Who Bears the Brunt of Corporate Tax Cuts?

Published: November 3, 2010

Proposals for raising corporate taxes will result by fewer Canadian investments, decreased productivity, and poorer working conditions for employees.

In October, the Official Opposition unveiled its plan to get public finances in order and reduce the budget deficit to one per cent of GDP within two years. The government, meanwhile, foresees a return to budgetary balance in the 2015-16 fiscal year. While we should be welcoming this bipartisan commitment to re-establishing a balanced budget, there is an unfortunate downside to one of these proposed measures. The Opposition has suggested cancelling scheduled corporate tax cuts (set to drop to 15 per cent in 2012). This would not only hamper economic recovery, but also seriously harm Canadian workers.

Taxing business revenue extracts a portion of each company’s profits. When these taxes are raised, companies tend to invest elsewhere and the Canadian economy loses investments that could have increased productivity. However, the link between taxes and productivity is not widely appreciated as the cost of raising corporate taxes is born by Canadian workers.

The more productive a company is, the higher salaries and better overall working conditions they can offer their workers. Highly productive companies can also afford to pay higher prices to their suppliers, which in turn allows those suppliers to offer better salaries and conditions to their employees. Raising corporate taxes, though, reduces the investments that could otherwise have improved worker compensation.

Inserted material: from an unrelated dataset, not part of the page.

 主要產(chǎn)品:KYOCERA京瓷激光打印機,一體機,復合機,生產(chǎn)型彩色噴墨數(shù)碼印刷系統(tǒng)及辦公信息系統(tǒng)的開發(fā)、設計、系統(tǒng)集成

In 2008, the Task Force on Business Investment in Quebec, chaired by Professor Pierre Fortin and commissioned by the Quebec government, released its findings and it documents clearly this relationship. For example, two Oxford University researchers studied 23,000 companies in 10 industrialized countries. They found that, in the short term, 54 per cent of all corporate tax increases resulted in reduced salaries. Moreover, every $1 increase in corporate taxes led to long-term salary reductions of more than $1.

A 2009 study by a Federal Reserve Bank of Kansas City economist came to similar conclusions for the United States. Between 1977 and 1991, a one-per-cent increase in corporate taxes reduced salaries by 0.27 per cent, on average. Between 1992 and 2005, because of increased capital mobility and tax competition, the same one-per-cent increase in corporate taxes reduced salaries by 0.52 per cent, on average.

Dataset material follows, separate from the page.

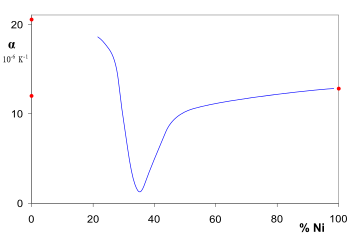 Common grades of Invar have a coefficient of thermal expansion (denoted α, and measured between 20 °C and 100 °C) of about 1.2 × 10−6 K−1 (1.2 ppm/°C), while ordinary steels have values of around 11–15 ppm/°C.[بحاجة لمصدر] Extra-pure grades (<0.1% Co) can readily produce values as low as 0.62–0.65 ppm/°C.[بحاجة لمصدر] Some formulations display negative thermal expansion (NTE) characteristics.[بحاجة لمصدر] Though it displays high dimensional stability over a range of temperatures, it does have a propensity to creep.[6][7]

As investors, through RRSPs, TFSAs, or pension plans, employees want the best possible returns. High corporate taxes reduce the dividends businesses can pay out to shareholders, which include the banks and pension plans that invest workers’ savings. With weaker returns, workers will either need to work longer to reach their retiring goals or settle for less. Once again, it is the workers who shoulder the costs without even realizing it.

Increasing corporate taxes might hurt Canadian investors, but their capital is mobile. Workers do not have the same luxury and only stand to lose from policies. However, if the government sends an opposing signal by reducing the corporate tax burden, businesses will have more incentive to invest in Canada. An influx of capital would expand the fiscal pie, thereby partially compensating for lost revenue while accelerating economic growth, leading to higher salaries.

The emphasis on deficit elimination coming out of Ottawa must not strangle the Canadian economy by raising the individual and corporate tax burdens. It is only by limiting the growth of public spending, and by lowering taxes to a reasonable level, that we will be able to combine a balanced budget with sustainable economic recovery.